WORK ORDER
For the records that follow, please set down exactly the lines between the one holding "Bouchon de vin" and the one holding "Moletom Pepe Jeans.", inclusive, and only those.

AVAILABLE DATA
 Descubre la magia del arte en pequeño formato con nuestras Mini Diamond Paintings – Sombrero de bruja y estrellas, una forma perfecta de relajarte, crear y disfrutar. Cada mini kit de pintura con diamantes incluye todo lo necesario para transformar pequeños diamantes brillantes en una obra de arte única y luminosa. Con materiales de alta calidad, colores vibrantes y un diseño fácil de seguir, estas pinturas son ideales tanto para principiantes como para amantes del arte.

...

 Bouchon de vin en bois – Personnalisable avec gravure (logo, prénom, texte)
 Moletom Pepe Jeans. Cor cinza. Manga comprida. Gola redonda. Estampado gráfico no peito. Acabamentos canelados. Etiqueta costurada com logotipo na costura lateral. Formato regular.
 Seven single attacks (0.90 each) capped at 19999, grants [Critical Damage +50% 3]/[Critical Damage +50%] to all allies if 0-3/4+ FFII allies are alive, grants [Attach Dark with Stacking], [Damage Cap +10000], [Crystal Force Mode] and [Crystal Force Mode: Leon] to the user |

EXERCISE RESPONSE
 Bouchon de vin en bois – Personnalisable avec gravure (logo, prénom, texte)
 Moletom Pepe Jeans. Cor cinza. Manga comprida. Gola redonda. Estampado gráfico no peito. Acabamentos canelados. Etiqueta costurada com logotipo na costura lateral. Formato regular.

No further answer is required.